S_n = (1/3)*(1-1/(3n+1))= n/(3n+1)

This is the sum of sequence where last, n-th, term is

A_n = 1/((3n-2)(3n+1))

To prove formula for S_n we need to make two steps

1) The initial or base case: prove that the statement holds for 0, or 1.

2) The induction step, inductive step, or step case: find S_n+1 and show that its formula is same as for S_n but with n+1 instead of n

1) Base case n=1

S_1=1/(3*1+1)=1/4 .... correct

2) induction step

(n+1)th term is

A_n+1= 1/((3(n+1)-2)(3(n+1)+1)) =1/((3n+1)(3n+4))

S_n+1 = S_n + A_n+1

= n/(3n+1) + 1/((3n+1)(3n+4))

= n(3n+4)/((3n+1)(3n+4)) + 1/((3n+1)(3n+4))

= (n(3n+4)+1) / ((3n+1)(3n+4))

= ((3n+1)(n+1)) / ((3n+1)(3n+4))

= (n+1) / (3n+4)

= (n+1) / (3(n+1)+1)

Compare this to formula for S_n. They're the same except that n is replaced with n+1

Our proof is complete.

- ted sLv 77 months ago
(1/3) ( 1 - 1 / (3 n + 1)) + 1 / [ (3n+1)(3n+3) ] =

[ n / (3n + 1)] + 1/ [ (3n+1)(3n+ 4) ] =

[ 3n² + 4 n + 1] / [ (3n+1)(3n+4) ] = ( n + 1) / [ 3(n+1) + 1] ≡

(1/3) ( 1 - 1/(3n+4) )

- husoskiLv 77 months ago
Let's see where the algebra goes. Let A_n be the nth term in the sum, so that:

A_n = 1/[(3n - 2)(3n + 1)]

S_n = A_1 + A_2 + ... + A_n

S_(n+1) = S_n + A_(n+1)

It shouldn't be hard to see that A_(n+1) = 1/[(3n + 1)(3n + 4)].

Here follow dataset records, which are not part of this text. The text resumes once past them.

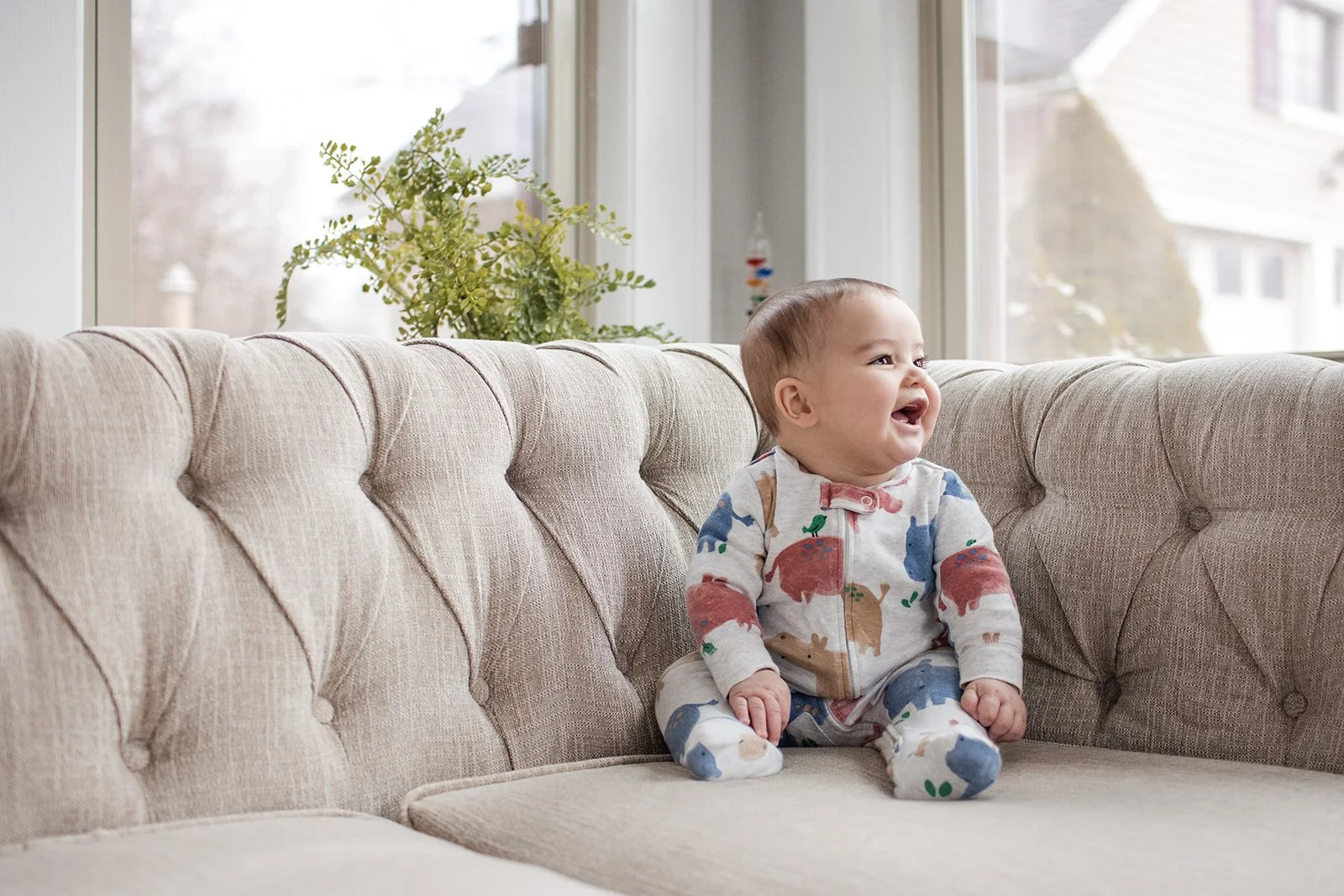 There actually isn't a single best age that works for every baby. Having said that, lots of parents choose to have their newborns photographed in their first two weeks of life, while they are still sleepy, or as I like to say, “fresh”. When photographing newborns at-home, I always recommend waiting until the 4-6 weeks mark. This way mom and dad (and any siblings) have adjusted a bit, and gotten some sleep hopefully! My favorite time for an “older” baby photo session is around 6 months. This is when babies are more interactive and connected with the parents and siblings (or pets). Below is a photo from a recent baby photo session I did right here in Ridgewood. In the end, the best age for a baby photo session will depend on the style of photography you're looking for and your personal preferences.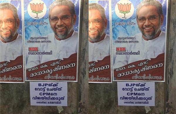 മണ്ഡലത്തില് പല പ്രദേശത്തും ഇത്തരം പോസ്റ്റര് പതിച്ചിട്ടുണ്ട്. ശബരിമല കര്മ സമിതിയുടെ കൂടെ നേതാവ് ആയിരുന്ന ഡോ. കെഎസ് രാധാകൃഷ്ണനാണ് മണ്ഡലത്തില് ബിജെപി സ്ഥാനാര്ഥി.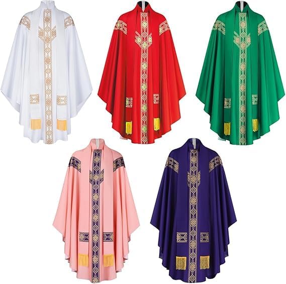 Adult Mens Elegant Catholic Priest Chasubles - 5 Color Selections for Liturgical Use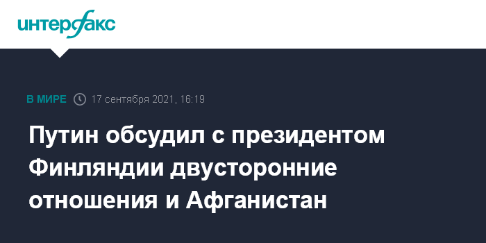 Путин обсудил с президентом Финляндии двусторонние отношения и Афганистан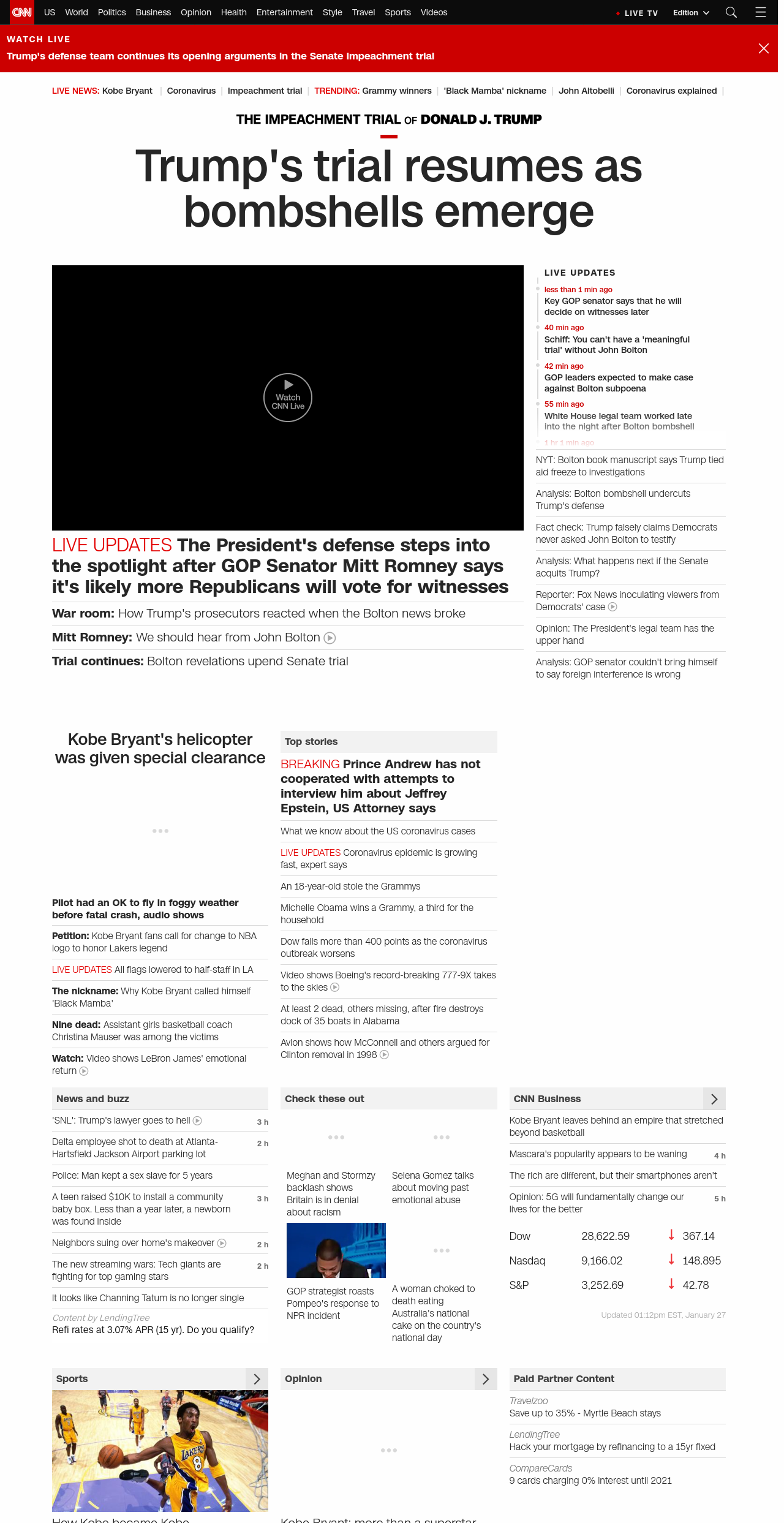 ” , title: “CNN – Breaking News, Latest News and Videos” , siblings: {“articleList”:[{“uri”:”/politics/live-news/trump-impeachment-trial-01-27-20/index.html”,”headline”:”u003cstrong>The President’s defense steps into the spotlight after GOP Senator Mitt Romney says it’s likely more Republicans will vote for witnessesu003c/strong>”,”thumbnail”:”//cdn.cnn.com/cnnnext/dam/assets/200125122142-01-trump-team-0125-small-11.jpg”,”duration”:””,”description”:””,”layout”:””

If the formula given is valid for S_n then you can use it to replace S_n:

S_(n+1) = S_n + 1/[(3n + 1)* (3n + 4)]

= (1/3)[1 - 1/(3n + 1)] + 1/[(3n + 1)(3n + 4)]

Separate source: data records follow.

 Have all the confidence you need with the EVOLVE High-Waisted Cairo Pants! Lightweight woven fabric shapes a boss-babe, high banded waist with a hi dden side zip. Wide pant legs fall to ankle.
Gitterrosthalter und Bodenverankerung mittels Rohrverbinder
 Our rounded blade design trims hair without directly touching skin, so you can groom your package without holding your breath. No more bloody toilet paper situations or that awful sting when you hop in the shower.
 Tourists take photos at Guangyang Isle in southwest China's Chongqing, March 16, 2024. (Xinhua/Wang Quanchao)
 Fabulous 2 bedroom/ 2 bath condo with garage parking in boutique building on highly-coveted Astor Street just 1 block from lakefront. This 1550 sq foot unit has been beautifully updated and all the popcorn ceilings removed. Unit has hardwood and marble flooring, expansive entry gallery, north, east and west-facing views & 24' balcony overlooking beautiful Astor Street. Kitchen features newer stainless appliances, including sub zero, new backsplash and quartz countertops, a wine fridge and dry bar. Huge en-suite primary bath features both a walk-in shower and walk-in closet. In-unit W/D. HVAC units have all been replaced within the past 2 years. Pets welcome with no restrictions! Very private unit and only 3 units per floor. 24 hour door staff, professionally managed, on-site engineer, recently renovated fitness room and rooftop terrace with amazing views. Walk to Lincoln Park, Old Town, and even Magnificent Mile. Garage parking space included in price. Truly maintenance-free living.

= (1/3) - 1/[3(3n + 1)] + 1/[(3n + 1)(3n + 4)]

Convert the last two terms to a have a common denominator of 3(3n+1)(3n+4). Multiply the 2nd fraction by (3n+4)/(3n+4) and the final one by 3/3 to get

S_(n+1) = (1/3) - (3n+4)/[3(3n + 1)(3n + 4)] + 3/[3(3n + 1)(3n + 4)]

= (1/3) + (-3n - 4 + 3) / [3(3n + 1)(3n + 4)]

= (1/3) + (-3n - 1) / [3(3n + 1)(3n + 4)]

= (1/3) - 1 / [3(3n + 4)] .... after canceling (-3n - 1)/(3n + 1) = -1

= (1/3)[1 - 1/(3n + 4)]

...and since 3n + 4 is the same as 3(n+1) + 1, you have the same formula for S_(n+1) and it's valid whenver the formula for S_n was.